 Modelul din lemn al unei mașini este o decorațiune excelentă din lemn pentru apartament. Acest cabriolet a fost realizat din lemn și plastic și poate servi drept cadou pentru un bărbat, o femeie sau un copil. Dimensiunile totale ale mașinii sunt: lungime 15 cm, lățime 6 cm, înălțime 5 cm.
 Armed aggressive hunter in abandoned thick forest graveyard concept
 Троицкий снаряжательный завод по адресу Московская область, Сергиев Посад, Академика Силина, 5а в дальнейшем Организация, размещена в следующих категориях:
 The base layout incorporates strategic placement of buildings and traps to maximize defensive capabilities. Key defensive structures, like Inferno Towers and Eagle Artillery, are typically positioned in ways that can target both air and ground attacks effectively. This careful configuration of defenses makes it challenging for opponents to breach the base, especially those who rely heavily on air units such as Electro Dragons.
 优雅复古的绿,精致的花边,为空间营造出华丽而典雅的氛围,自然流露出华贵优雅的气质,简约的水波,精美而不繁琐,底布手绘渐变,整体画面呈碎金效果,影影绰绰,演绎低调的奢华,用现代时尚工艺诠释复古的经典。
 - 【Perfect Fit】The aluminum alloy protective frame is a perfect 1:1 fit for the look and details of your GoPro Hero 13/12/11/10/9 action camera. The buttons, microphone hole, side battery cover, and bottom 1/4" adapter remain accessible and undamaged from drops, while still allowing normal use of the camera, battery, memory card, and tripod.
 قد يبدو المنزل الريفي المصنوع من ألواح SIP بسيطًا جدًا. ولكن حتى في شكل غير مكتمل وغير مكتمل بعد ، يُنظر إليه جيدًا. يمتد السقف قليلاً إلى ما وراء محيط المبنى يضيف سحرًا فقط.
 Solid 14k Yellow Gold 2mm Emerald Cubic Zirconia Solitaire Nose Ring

# # #

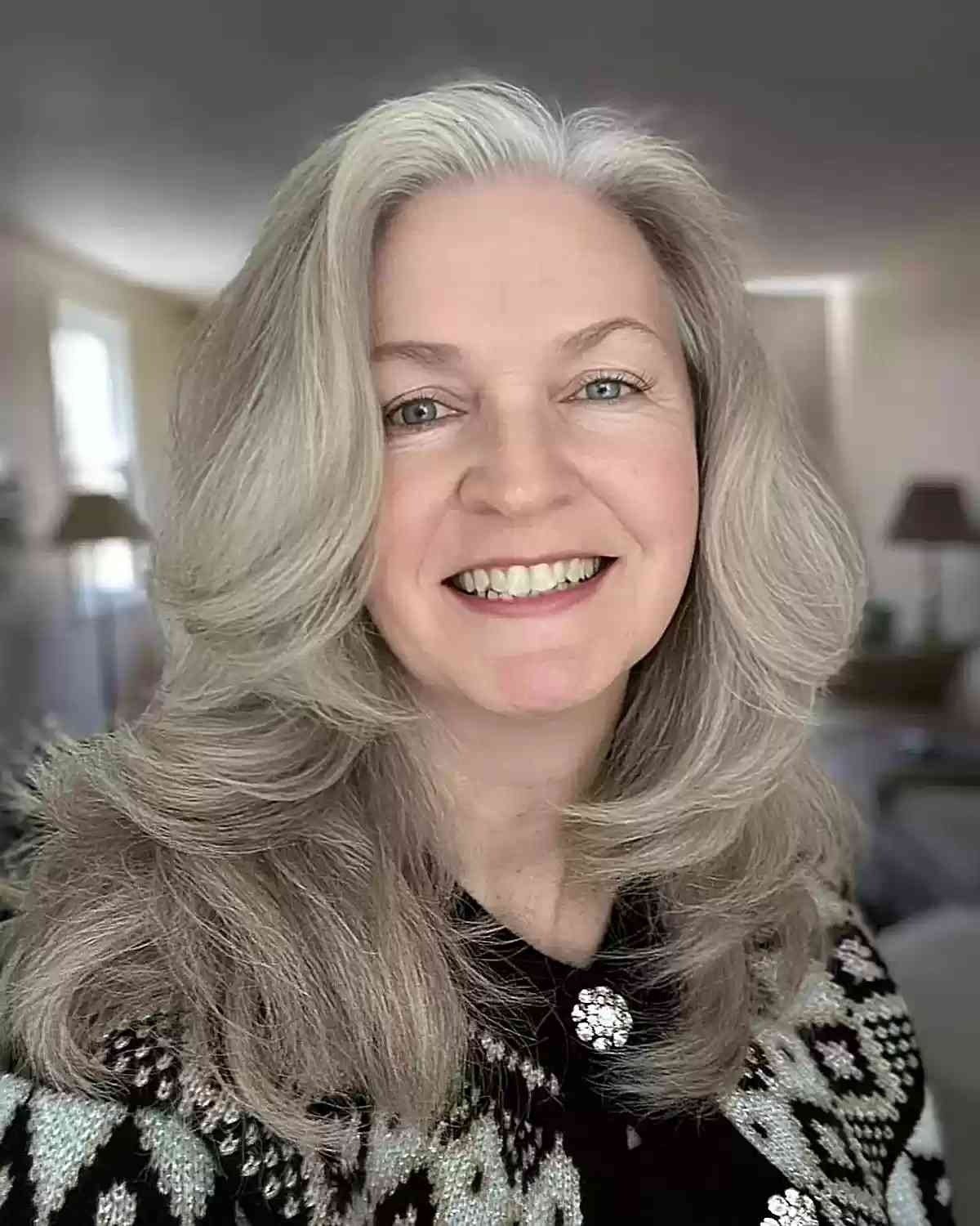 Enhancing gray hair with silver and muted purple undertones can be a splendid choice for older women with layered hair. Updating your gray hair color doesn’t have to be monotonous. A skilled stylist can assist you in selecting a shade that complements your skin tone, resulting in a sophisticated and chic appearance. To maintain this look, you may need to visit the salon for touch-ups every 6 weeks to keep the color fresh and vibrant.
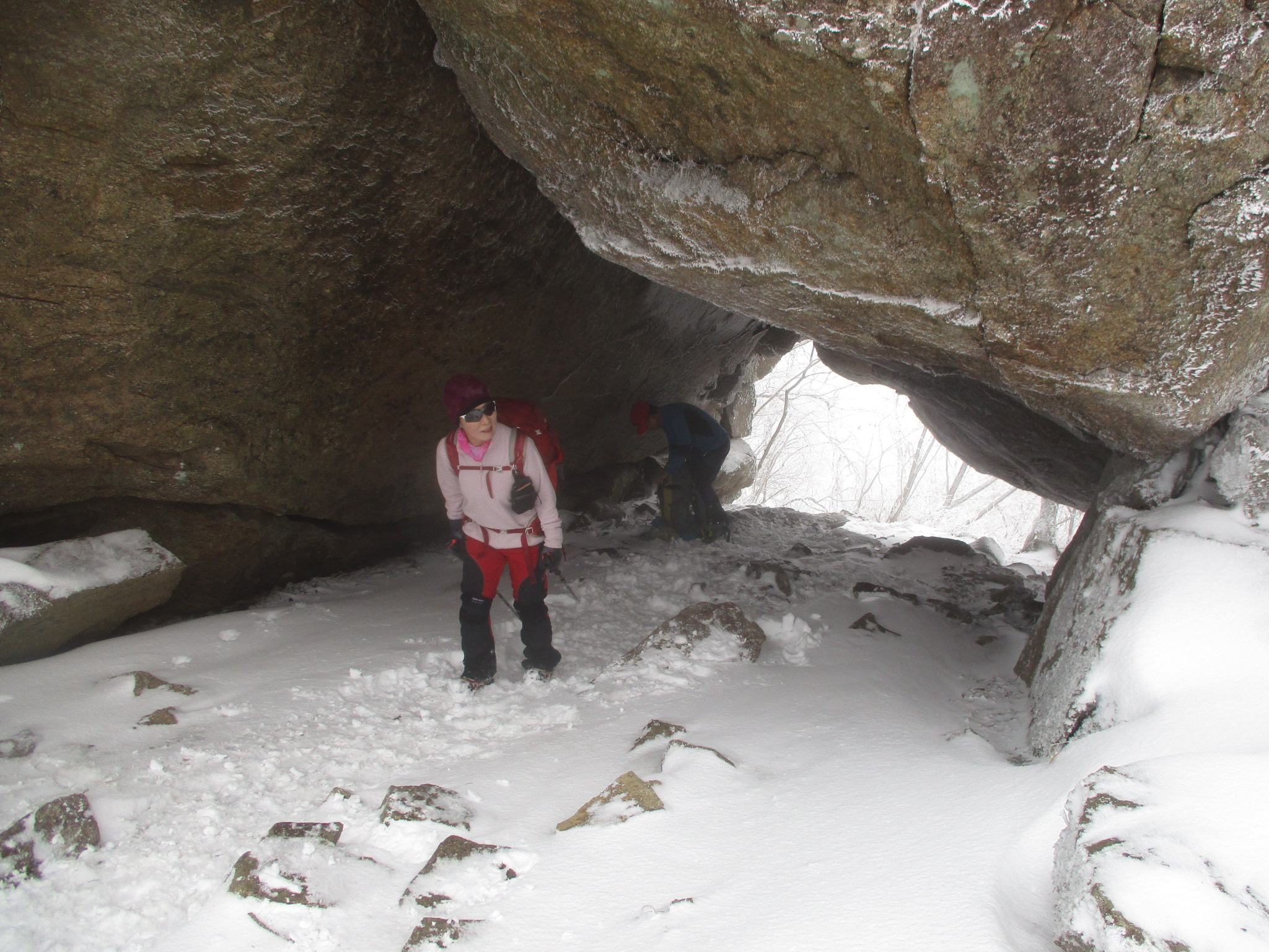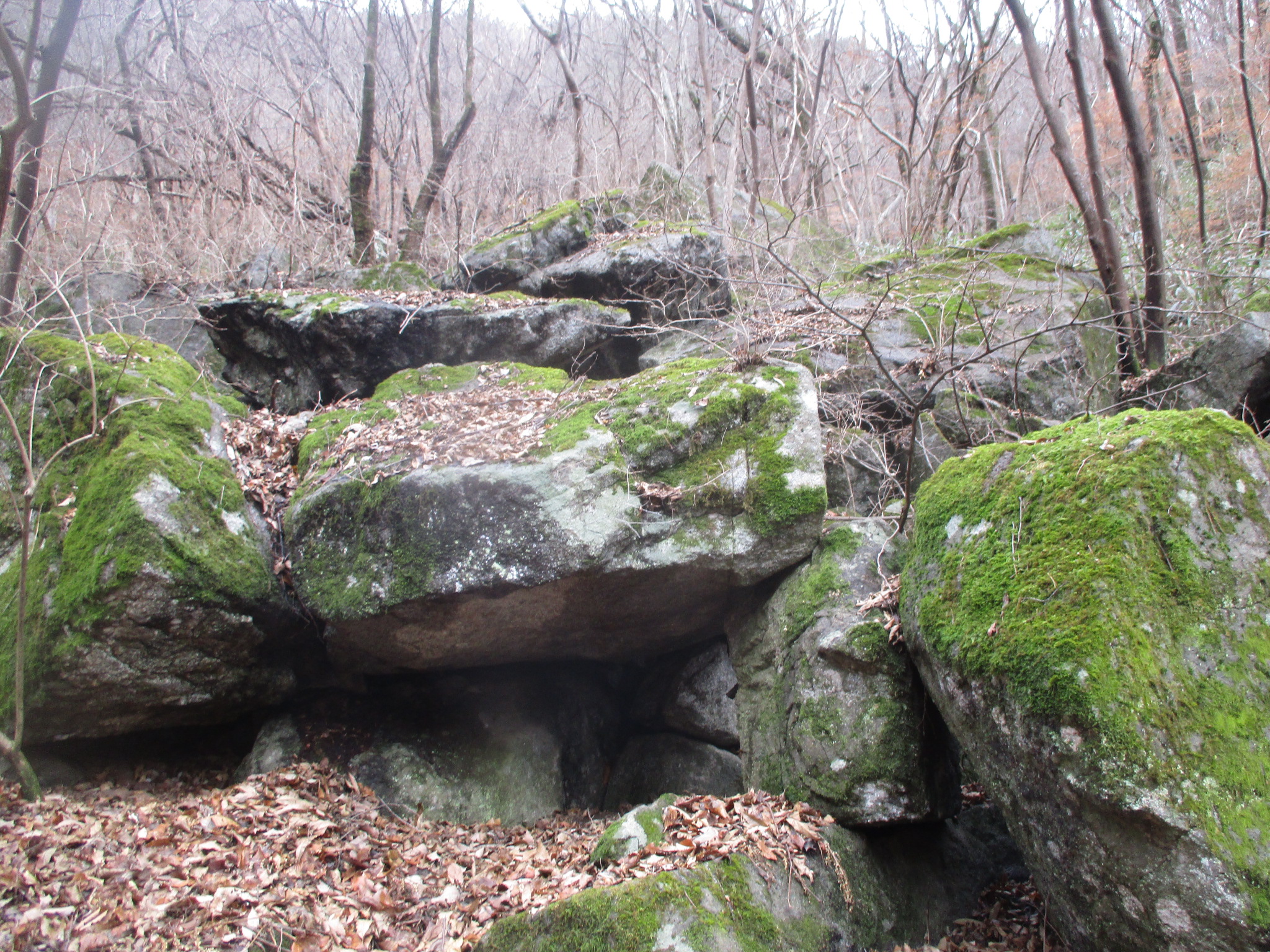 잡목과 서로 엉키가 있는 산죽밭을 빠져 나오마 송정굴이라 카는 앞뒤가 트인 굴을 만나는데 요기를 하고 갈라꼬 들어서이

# # #

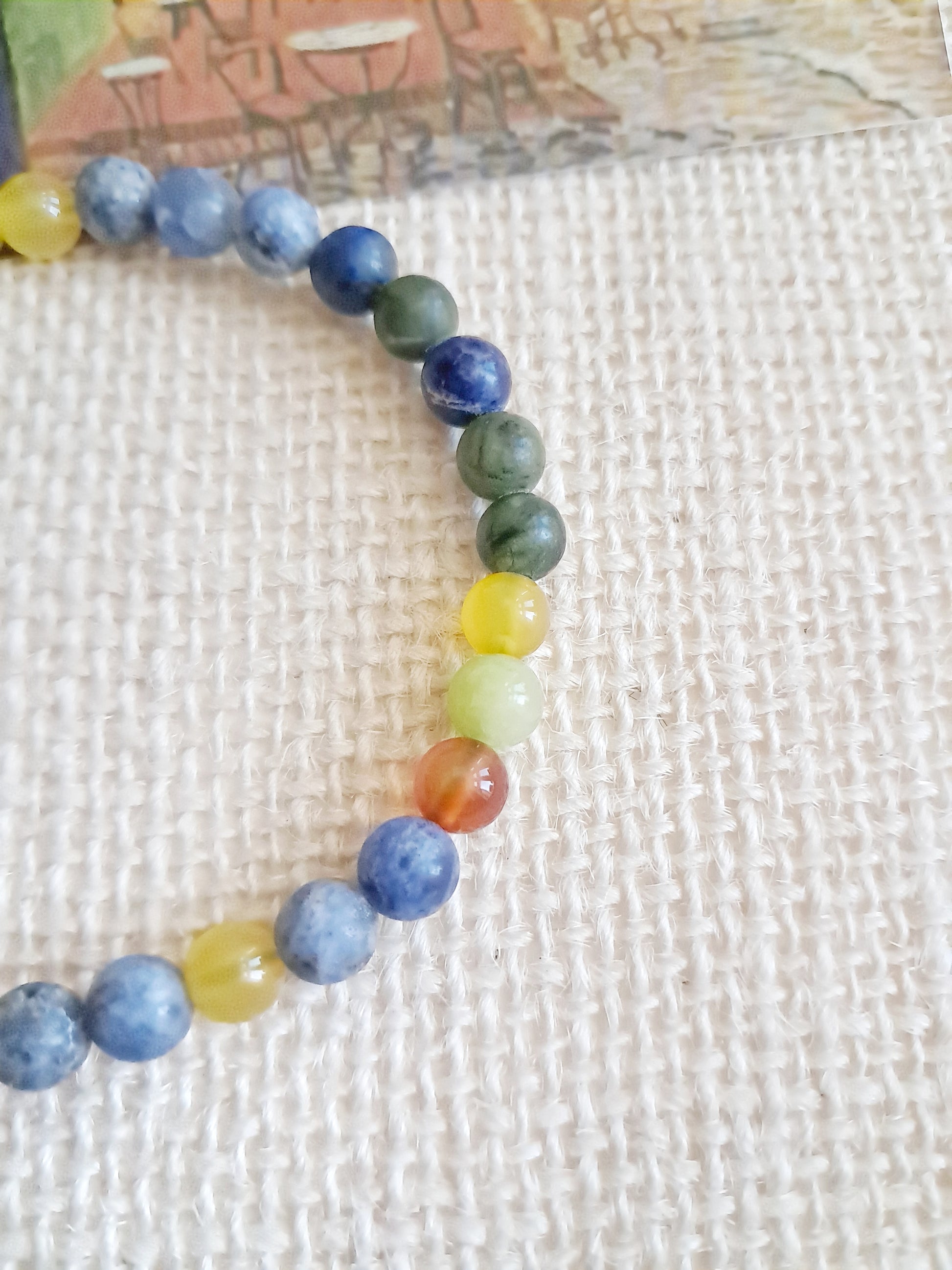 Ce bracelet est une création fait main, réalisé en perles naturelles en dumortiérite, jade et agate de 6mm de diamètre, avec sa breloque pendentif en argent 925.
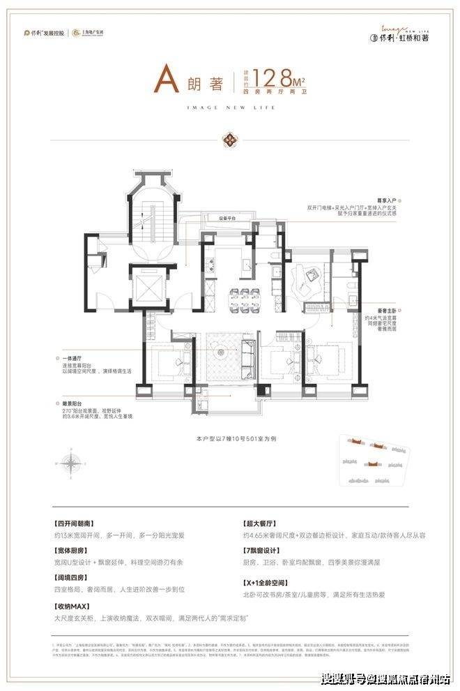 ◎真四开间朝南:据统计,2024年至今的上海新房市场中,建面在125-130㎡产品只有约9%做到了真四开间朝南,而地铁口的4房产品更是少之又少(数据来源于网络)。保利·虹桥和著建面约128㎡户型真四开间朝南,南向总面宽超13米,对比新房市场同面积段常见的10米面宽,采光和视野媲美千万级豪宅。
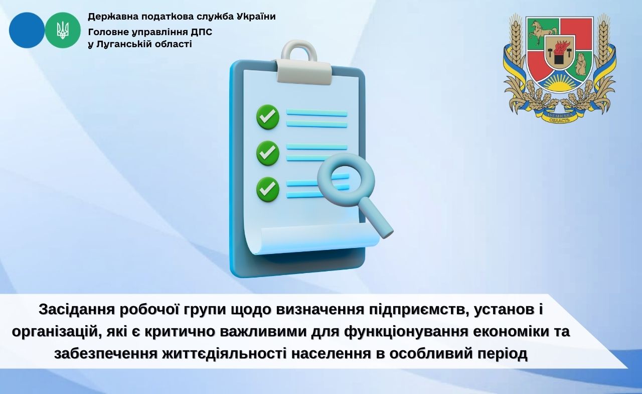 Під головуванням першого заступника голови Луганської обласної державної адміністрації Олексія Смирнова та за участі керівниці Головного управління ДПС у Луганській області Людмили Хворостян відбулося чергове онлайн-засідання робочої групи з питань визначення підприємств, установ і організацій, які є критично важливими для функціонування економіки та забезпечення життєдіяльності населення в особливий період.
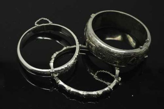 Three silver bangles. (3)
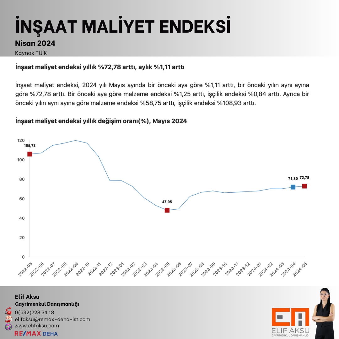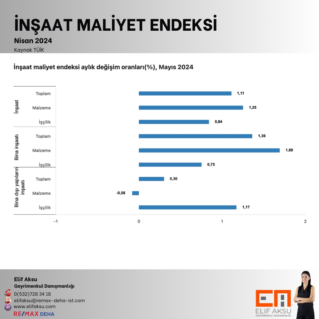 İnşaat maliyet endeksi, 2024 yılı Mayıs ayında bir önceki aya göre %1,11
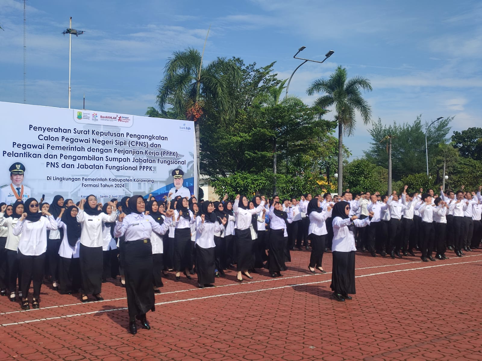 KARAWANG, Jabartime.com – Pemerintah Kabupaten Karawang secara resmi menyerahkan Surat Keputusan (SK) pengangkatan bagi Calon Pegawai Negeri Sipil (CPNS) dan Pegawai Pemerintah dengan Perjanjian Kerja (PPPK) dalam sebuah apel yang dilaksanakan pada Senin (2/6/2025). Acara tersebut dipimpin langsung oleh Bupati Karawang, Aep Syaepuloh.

# # #

§ **EXERCISE PROMPT**
Both end lines included, restate word for word the lines above from the line with "Modelul din lemn" to the line with "Armed aggressive hunter", and nothing else.

§ **RESPONSE**
 Modelul din lemn al unei mașini este o decorațiune excelentă din lemn pentru apartament. Acest cabriolet a fost realizat din lemn și plastic și poate servi drept cadou pentru un bărbat, o femeie sau un copil. Dimensiunile totale ale mașinii sunt: lungime 15 cm, lățime 6 cm, înălțime 5 cm.
 Armed aggressive hunter in abandoned thick forest graveyard concept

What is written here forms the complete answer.